Give back exactly the lines of the material below that start at the one holding "Auf dem Ehrenhof" and end at the last line, minus the pictures.
BEGIN Supplied material
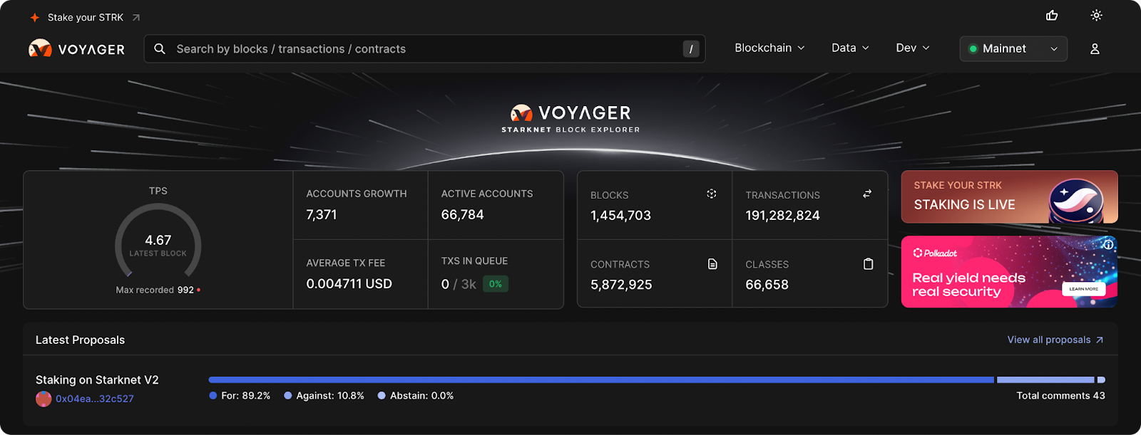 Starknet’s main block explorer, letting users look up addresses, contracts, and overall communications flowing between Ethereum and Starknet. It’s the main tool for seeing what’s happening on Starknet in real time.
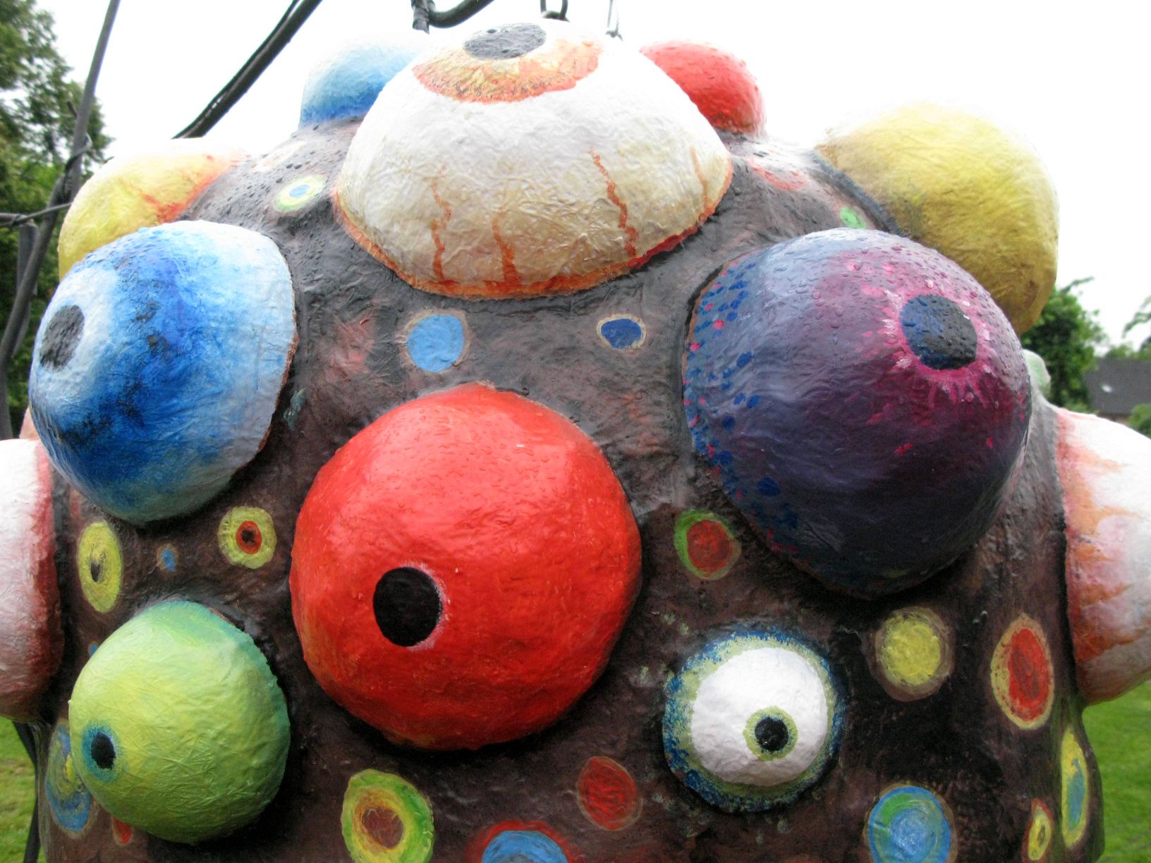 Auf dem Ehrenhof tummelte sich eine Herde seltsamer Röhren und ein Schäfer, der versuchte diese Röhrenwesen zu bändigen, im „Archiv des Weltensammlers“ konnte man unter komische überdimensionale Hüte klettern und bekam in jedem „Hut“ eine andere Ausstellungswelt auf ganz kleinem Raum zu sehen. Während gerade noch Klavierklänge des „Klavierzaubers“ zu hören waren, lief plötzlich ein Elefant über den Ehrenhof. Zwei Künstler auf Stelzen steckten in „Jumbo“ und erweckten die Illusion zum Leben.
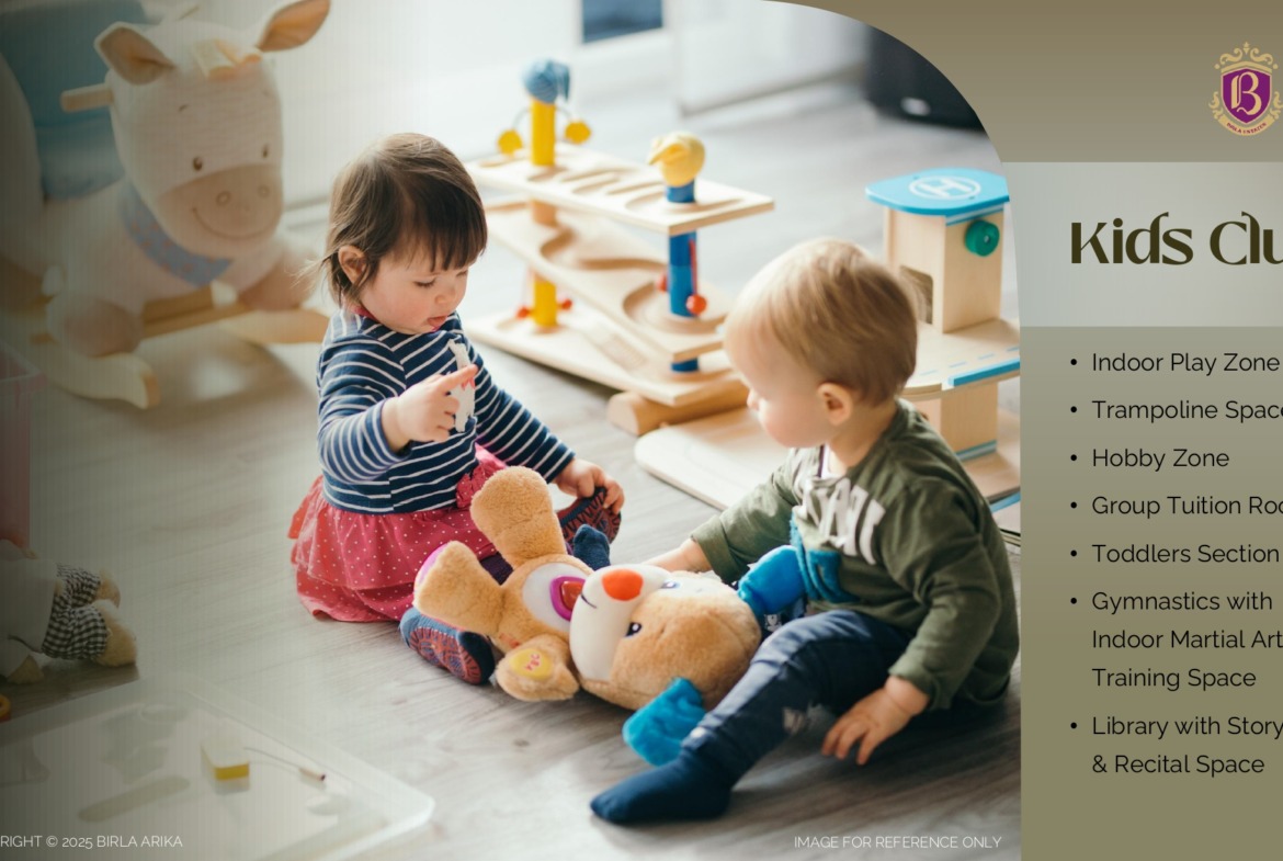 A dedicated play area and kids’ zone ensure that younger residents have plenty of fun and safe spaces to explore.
END Supplied material
Solution for this exercise:
 Auf dem Ehrenhof tummelte sich eine Herde seltsamer Röhren und ein Schäfer, der versuchte diese Röhrenwesen zu bändigen, im „Archiv des Weltensammlers“ konnte man unter komische überdimensionale Hüte klettern und bekam in jedem „Hut“ eine andere Ausstellungswelt auf ganz kleinem Raum zu sehen. Während gerade noch Klavierklänge des „Klavierzaubers“ zu hören waren, lief plötzlich ein Elefant über den Ehrenhof. Zwei Künstler auf Stelzen steckten in „Jumbo“ und erweckten die Illusion zum Leben.
 A dedicated play area and kids’ zone ensure that younger residents have plenty of fun and safe spaces to explore.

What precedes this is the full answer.